This comparative approach can reveal evolutionary patterns specific to different ecological niches and host preferences, particularly given the distinct genome organization observed between Map and non-Map strains .

What genetic tools are most effective for studying nuoK function in various Mycobacterium avium subspecies?

Given the challenges of working with slow-growing mycobacteria, several specialized genetic approaches are particularly effective:

• CRISPR-Cas9 systems adapted for mycobacteria:

  • Enable precise genome editing in otherwise difficult-to-manipulate organisms

  • Allow creation of knockout, knockdown, or site-specific mutations in nuoK

  • Facilitate insertion of reporter tags for protein localization studies

• Specialized expression vectors:

  • Mycobacteria-E. coli shuttle vectors with inducible promoters

  • Integrative vectors for stable, single-copy expression

  • Vectors containing fluorescent protein fusions compatible with the mycobacterial codon usage

• Transposon mutagenesis libraries:

  • Generate comprehensive libraries to identify genetic interactions with nuoK

  • Perform fitness screening under various respiratory challenge conditions

  • Map essential and non-essential domains through transposon insertion patterns

• Reporter systems:

  • Luciferase-based reporters for real-time monitoring of gene expression

  • Split protein complementation assays to study protein-protein interactions

  • Fluorescent sensors to monitor changes in membrane potential or proton gradients

When applying these tools, researchers should consider the significant differences in genetic manipulation efficiency between different M. avium subspecies, with Map generally being more recalcitrant to genetic manipulation than Mah strains .

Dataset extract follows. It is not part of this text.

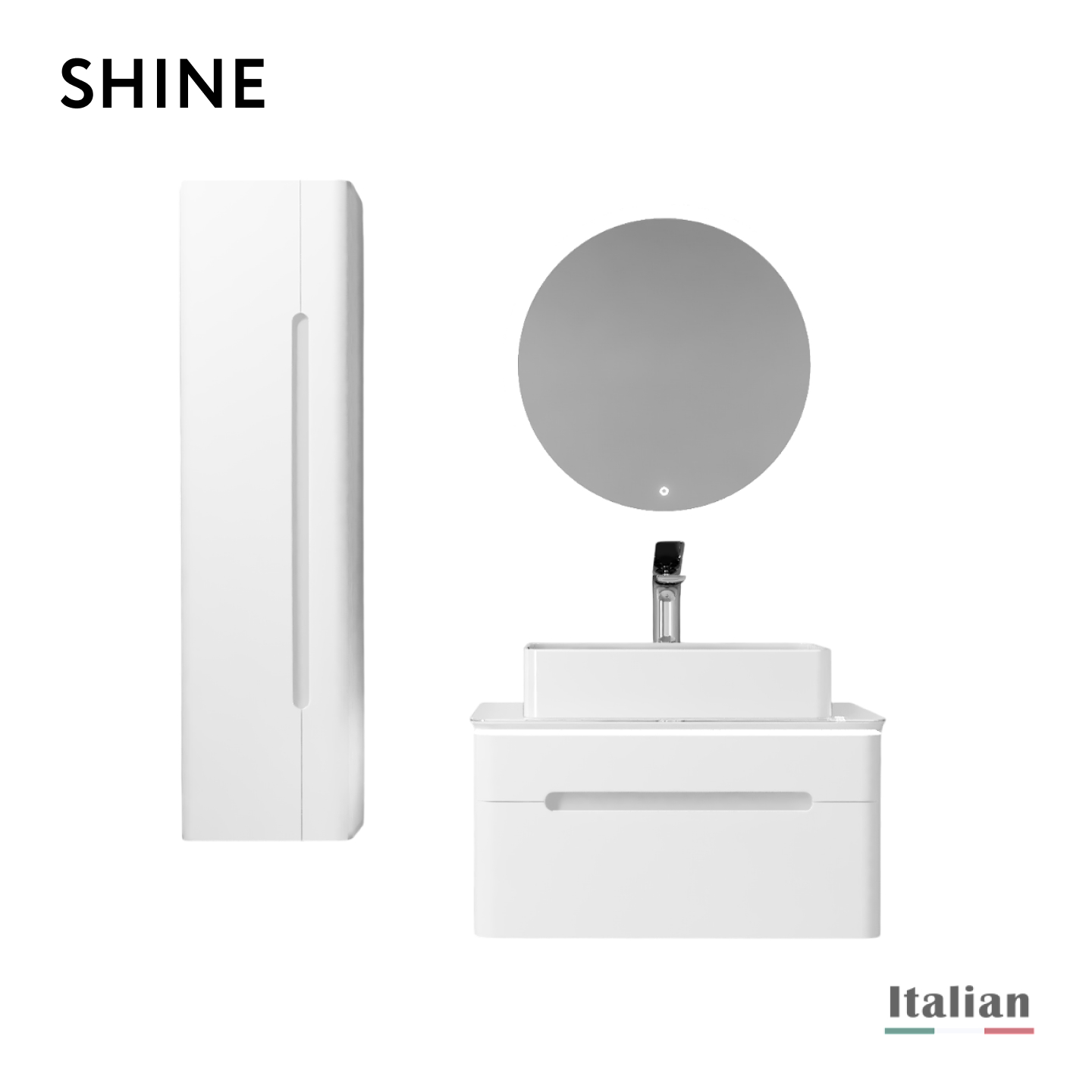 Подсветка Колизея и повторяющиеся арки подарили образ плавных линий, которые воплотились в коллекции Shine. Мягкость образа комплекта при лаконичности форм создает ощущение легкости. За счет этого он впишется практически в любой интерьер и привнесет в него шарм и чистоту.

How do post-translational modifications affect nuoK function in the respiratory chain?

Post-translational modifications (PTMs) of nuoK may significantly impact its function, though these remain understudied compared to other aspects of the protein. Researchers should consider:

• Identification of PTMs:

  • Mass spectrometry-based proteomic approaches to identify modifications

  • Site-specific antibodies against common PTMs (phosphorylation, acetylation, etc.)

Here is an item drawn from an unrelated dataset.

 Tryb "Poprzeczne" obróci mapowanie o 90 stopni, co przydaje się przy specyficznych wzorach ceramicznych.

  • Comparative analysis of PTM patterns across growth conditions and subspecies

• Functional impact assessment:

  • Site-directed mutagenesis of modified residues to mimic or prevent modifications

  • Activity assays comparing native and modified protein forms

  • Structural studies examining how modifications affect protein conformation

• Physiological regulation:

  • Analysis of environmental triggers that induce specific modifications

  • Identification of enzymes responsible for adding or removing modifications

  • Temporal dynamics of modifications during different growth phases

Given that nuoK functions within a multi-subunit complex in a membrane environment, PTMs likely play crucial roles in assembly, stability, or regulatory interactions that optimize respiratory chain function under varying environmental conditions.

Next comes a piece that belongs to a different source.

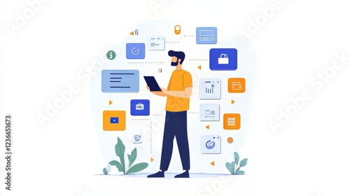 Wall mural : Man engaging with digital tools and analytics in a modern workspace -

What structural features of nuoK contribute to proton translocation efficiency?

The amino acid sequence of nuoK (MNPINYLYLSALLFTIGAAGVLLRRNAIVMFMCVELMLNAVNLAFVTFARMHGHLDGQMIAFFTMVVAACEVVIGLAIIMTIFRTRKSASVDDANLLKG) reveals key structural features that likely contribute to its proton translocation function :

• Transmembrane helices:

  • Hydrophobic stretches form membrane-spanning α-helices

  • These helices likely contain charged or polar residues positioned to form a proton translocation pathway

• Conserved residues:

  • Highly conserved amino acids across species often indicate functional importance

  • Residues like histidine, glutamate, or aspartate may serve as proton donors/acceptors

• Structural motifs:

  • The sequence suggests potential ion-pair networks that could facilitate proton movement

  • Conformational changes during the catalytic cycle may alter accessibility of proton-carrying residues

To experimentally determine structure-function relationships:

• Employ site-directed mutagenesis targeting specific residues

• Measure proton translocation efficiency using pH-sensitive dyes or electrochemical methods

• Correlate functional changes with structural alterations determined by computational modeling or structural biology approaches

Researchers should design experimental series that systematically test the contribution of each potential proton-carrying residue through both conservative and non-conservative amino acid substitutions.

How does nuoK research contribute to understanding Mycobacterium avium pathogenesis?

NADH-quinone oxidoreductase plays a crucial role in mycobacterial energy metabolism, which directly impacts pathogenesis through:

• Adaptation to host environments:

  • NuoK function may influence bacterial survival under oxygen-limited conditions in granulomas

  • Respiratory chain efficiency affects persistence in various host niches

  • Energy production capabilities impact resistance to host defense mechanisms

• Metabolic flexibility:

  • Different M. avium subspecies show varying genetic conservation in respiratory components

  • This may reflect adaptation to different hosts (human vs. animal) and environments

  • Understanding nuoK variation could explain host specificity patterns

• Drug target potential:

  • Respiratory chain components represent potential targets for novel antimycobacterial drugs

  • Subspecies-specific features in nuoK could enable selective targeting

  • Structure-function studies of nuoK contribute to rational drug design approaches

• Diagnostic applications:

  • Subspecies-specific nuoK variations might serve as molecular markers for differentiation

  • This could improve accuracy of M. avium subspecies identification in clinical samples

  • Such differentiation is critical as treatment approaches vary by subspecies

Research approaches should integrate nuoK functional studies with infection models to establish direct links between respiratory chain function and in vivo pathogenesis.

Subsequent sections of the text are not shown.